What is the concept of monitoring and how is it used in general??
Monitoring is getting popular nowadays. It is known as a process which is managing, observing and intervening into other processes or systems. Its main goal is to control the actions, as well as prevent and fix failures. Monitoring can be used in different ways, based on the Use-Case field and environment. The most common areas of use nowadays, next to distributed systems, is the medical field. Operations, heart disease and blood pressure are continuously getting monitored, to either prevent failures or help patients in need. This technique gives a range of security and control, which could not be given by any person for distributed systems. In Internet-scale Distributed Systems (ISDS), the core aim of monitoring is to fix and prevent faults quickly. This improves the quality of the system and its capabilities.
Monitoring applications are usually integrated into the structure of communication in between the distributed systems. By virus or dangerous information which might get send from one computer to another, monitoring would intervene and stop or divorce the machine from the whole system, to save the systems health. Industries nowadays are facing the problem, of increasing complexities in technique and systems that they are using. To find and fix failures in such situation, monitoring is very useful. It identifies failures much efficiently as a person could possibly do.
Concept of monitoring in Apache Ambari….
The concept of monitoring is given in two specific ways with Ambari. Ambari has the knowledge about every cluster health and its data. It can provide and improve the health situation of a Hadoop cluster and analyze the data in ways there are useful for the user. The user has an overview on the current situation through the Web application.

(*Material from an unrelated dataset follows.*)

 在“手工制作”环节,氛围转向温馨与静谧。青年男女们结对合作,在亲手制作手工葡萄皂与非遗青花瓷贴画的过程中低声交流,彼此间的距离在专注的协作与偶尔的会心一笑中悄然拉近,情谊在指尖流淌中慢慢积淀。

Ambari divides to monitoring Process in three parts. The first one is the List of all the Application Ambari is running on each connected clusters. It shows the name, status and number of clusters that are in default, and need to get fixed.
The second part explains all the technical details about the application, such as storing space and running time.

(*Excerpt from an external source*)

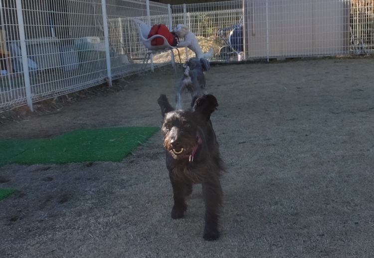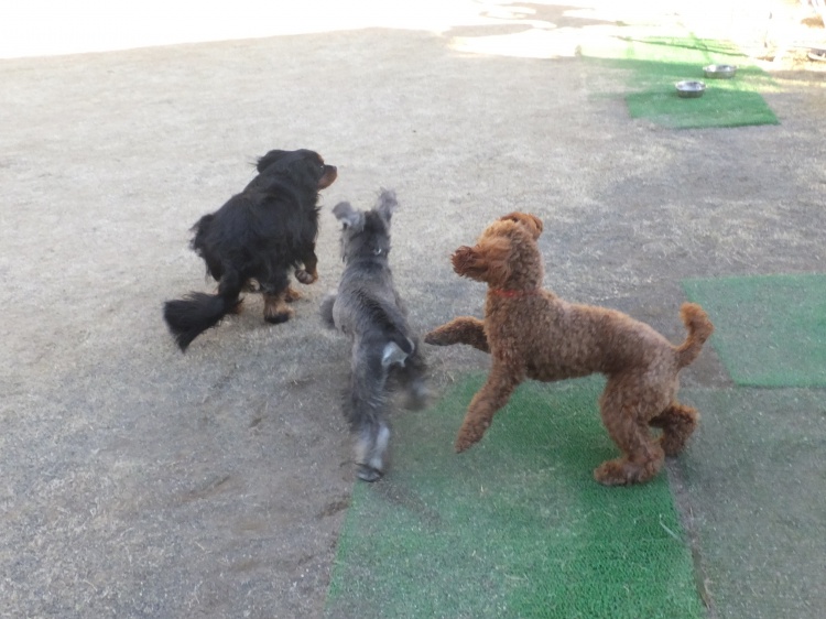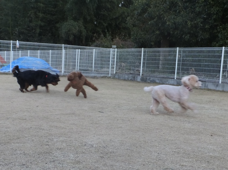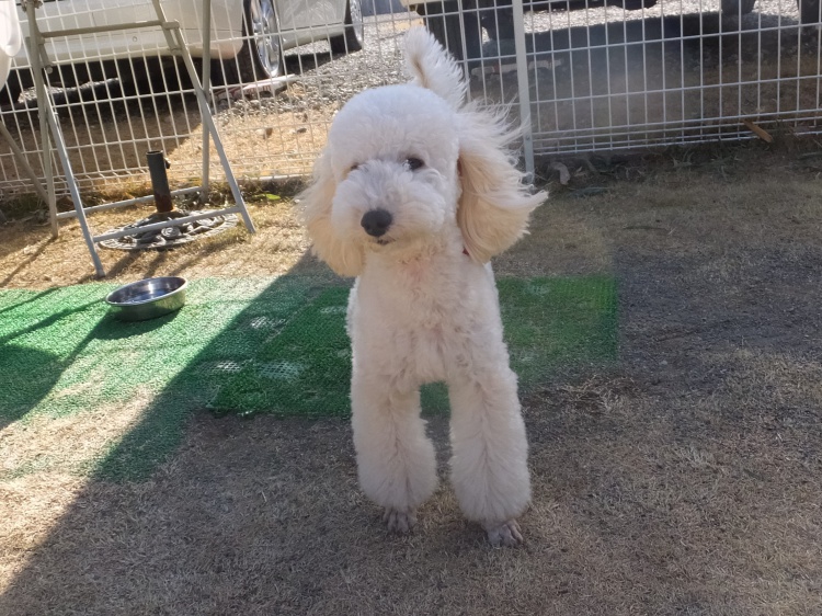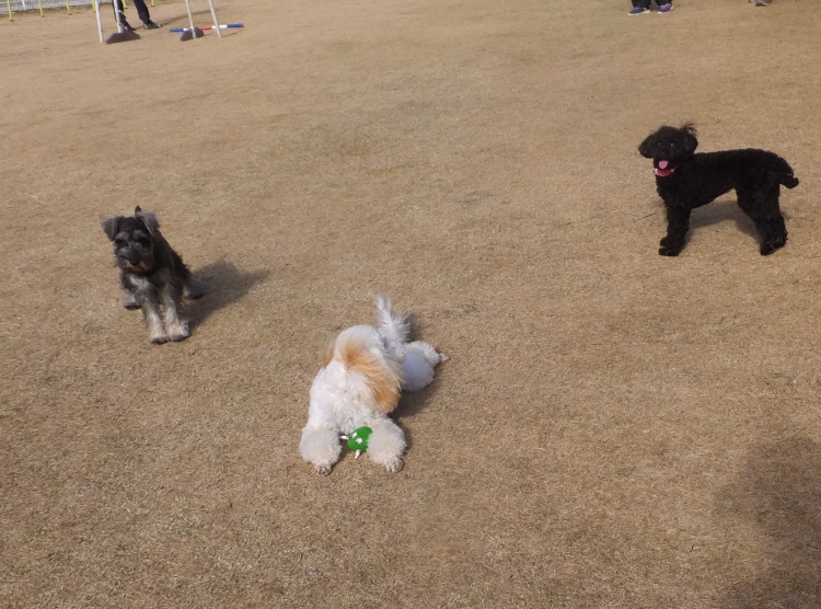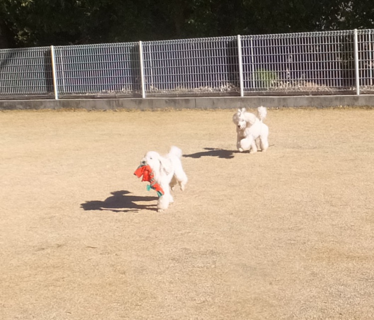 ミディアムプードルのハニーちゃんジャニーちゃん、スタンダードプードルのエリーちゃん^^

The last part is aimed to show illustratively how long and effective an application has been running on any clusters. Based on this data the user can give up requests to change the applications or add more clusters into one process, through the API. Ambari then will install automatically a new application to the cluster on sending heartbeat information to the Ambari Agent. Ambari has the ability of installing and giving a brief overlook about the health of the system; it’s not capable of analyzing the data qualitatively.
With growing popularity of Hadoop, many developers jump in to this technology to have a taste of it. But as they say Hadoop is not for faint hearted, many developers could not even cross the barrier of installing Hadoop. Many distributions offer pre-installed sandbox of VM to try out things but it does not give you the feel of distributed computing. However, installing a multi-node is a not an easy task and with growing number of components it is very tricky to handle so many configuration parameters. Thankfully Apache Ambari comes here to our rescue!
Apache Ambari is a web-based tool for provisioning, managing, and monitoring Apache Hadoop clusters. Ambari provides a dashboard for viewing cluster health such as heatmaps and ability to view MapReduce, Pig and Hive applications visually along with features to diagnose their performance characteristics in a user-friendly manner. It has a very simple and interactive UI to install various tools and perform various management, configuring and monitoring tasks. Apache Ambari provides us a simpler interface and saves lots of our efforts on installation, monitoring and management which would have be very tedious with so many components and their different installation steps and monitoring controls.